TASK: Throughout the material below, count each line in which the word "easy" appears, then reply with the count only.

── DATA SUPPLIED

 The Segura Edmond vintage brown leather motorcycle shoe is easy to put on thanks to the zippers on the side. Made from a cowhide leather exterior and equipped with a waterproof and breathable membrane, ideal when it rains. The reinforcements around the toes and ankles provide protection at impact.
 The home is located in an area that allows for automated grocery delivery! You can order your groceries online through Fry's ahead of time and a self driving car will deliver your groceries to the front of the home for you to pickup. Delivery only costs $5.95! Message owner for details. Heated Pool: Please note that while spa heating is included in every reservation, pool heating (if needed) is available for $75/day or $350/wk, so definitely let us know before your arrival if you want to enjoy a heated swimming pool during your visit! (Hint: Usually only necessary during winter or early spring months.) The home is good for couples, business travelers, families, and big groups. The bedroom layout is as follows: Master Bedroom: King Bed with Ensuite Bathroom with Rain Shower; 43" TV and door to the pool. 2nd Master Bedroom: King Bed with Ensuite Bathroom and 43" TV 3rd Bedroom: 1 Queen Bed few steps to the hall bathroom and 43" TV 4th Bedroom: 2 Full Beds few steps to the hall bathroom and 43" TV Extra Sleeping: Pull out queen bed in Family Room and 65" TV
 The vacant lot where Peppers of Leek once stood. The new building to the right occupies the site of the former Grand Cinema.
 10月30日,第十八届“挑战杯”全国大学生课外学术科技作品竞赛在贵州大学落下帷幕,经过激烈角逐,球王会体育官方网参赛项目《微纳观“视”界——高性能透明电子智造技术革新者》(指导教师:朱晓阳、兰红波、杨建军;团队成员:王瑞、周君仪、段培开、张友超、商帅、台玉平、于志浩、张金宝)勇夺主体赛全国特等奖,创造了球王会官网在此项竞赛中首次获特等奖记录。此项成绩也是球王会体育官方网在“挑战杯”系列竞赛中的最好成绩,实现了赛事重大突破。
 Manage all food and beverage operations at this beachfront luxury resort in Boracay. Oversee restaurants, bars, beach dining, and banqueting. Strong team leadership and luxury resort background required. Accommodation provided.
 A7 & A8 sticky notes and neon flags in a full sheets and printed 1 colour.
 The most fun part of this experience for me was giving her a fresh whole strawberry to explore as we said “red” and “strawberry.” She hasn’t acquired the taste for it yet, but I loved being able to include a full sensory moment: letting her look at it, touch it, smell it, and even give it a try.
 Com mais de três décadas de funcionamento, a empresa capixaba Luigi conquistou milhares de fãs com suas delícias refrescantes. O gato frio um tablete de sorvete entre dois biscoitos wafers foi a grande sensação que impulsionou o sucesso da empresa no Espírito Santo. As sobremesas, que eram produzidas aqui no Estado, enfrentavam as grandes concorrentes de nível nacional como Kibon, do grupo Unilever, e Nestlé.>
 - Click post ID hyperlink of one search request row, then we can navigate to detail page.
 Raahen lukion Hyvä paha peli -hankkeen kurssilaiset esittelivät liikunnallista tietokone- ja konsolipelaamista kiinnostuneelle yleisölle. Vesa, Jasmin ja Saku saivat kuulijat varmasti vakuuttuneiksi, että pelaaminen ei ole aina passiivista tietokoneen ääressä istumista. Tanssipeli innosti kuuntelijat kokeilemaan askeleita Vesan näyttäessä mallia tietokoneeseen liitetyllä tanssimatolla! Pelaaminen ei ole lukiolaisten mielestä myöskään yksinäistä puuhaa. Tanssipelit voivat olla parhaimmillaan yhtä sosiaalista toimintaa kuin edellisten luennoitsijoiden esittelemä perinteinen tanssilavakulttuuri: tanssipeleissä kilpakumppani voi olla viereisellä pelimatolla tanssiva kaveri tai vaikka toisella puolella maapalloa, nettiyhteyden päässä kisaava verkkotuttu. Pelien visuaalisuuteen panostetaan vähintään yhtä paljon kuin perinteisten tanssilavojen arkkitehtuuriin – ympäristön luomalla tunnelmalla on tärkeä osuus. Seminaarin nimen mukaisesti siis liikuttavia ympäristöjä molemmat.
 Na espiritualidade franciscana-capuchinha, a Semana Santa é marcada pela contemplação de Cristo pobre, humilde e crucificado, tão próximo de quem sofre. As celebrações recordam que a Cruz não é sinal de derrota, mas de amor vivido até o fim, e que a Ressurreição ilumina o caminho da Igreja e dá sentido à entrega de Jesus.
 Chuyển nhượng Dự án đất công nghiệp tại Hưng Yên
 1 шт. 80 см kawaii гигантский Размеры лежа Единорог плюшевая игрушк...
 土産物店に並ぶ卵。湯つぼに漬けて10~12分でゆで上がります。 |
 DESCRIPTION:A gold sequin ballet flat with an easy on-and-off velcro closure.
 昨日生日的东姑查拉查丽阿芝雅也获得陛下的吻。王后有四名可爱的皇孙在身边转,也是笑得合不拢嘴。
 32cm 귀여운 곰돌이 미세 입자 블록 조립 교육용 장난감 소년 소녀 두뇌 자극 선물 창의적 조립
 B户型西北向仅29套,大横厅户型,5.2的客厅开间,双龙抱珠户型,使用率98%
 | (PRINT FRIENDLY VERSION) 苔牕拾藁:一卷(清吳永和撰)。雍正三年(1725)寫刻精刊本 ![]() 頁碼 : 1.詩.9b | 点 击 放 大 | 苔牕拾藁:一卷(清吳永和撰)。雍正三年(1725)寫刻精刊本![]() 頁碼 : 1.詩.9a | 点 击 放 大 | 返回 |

────

REPLY: 2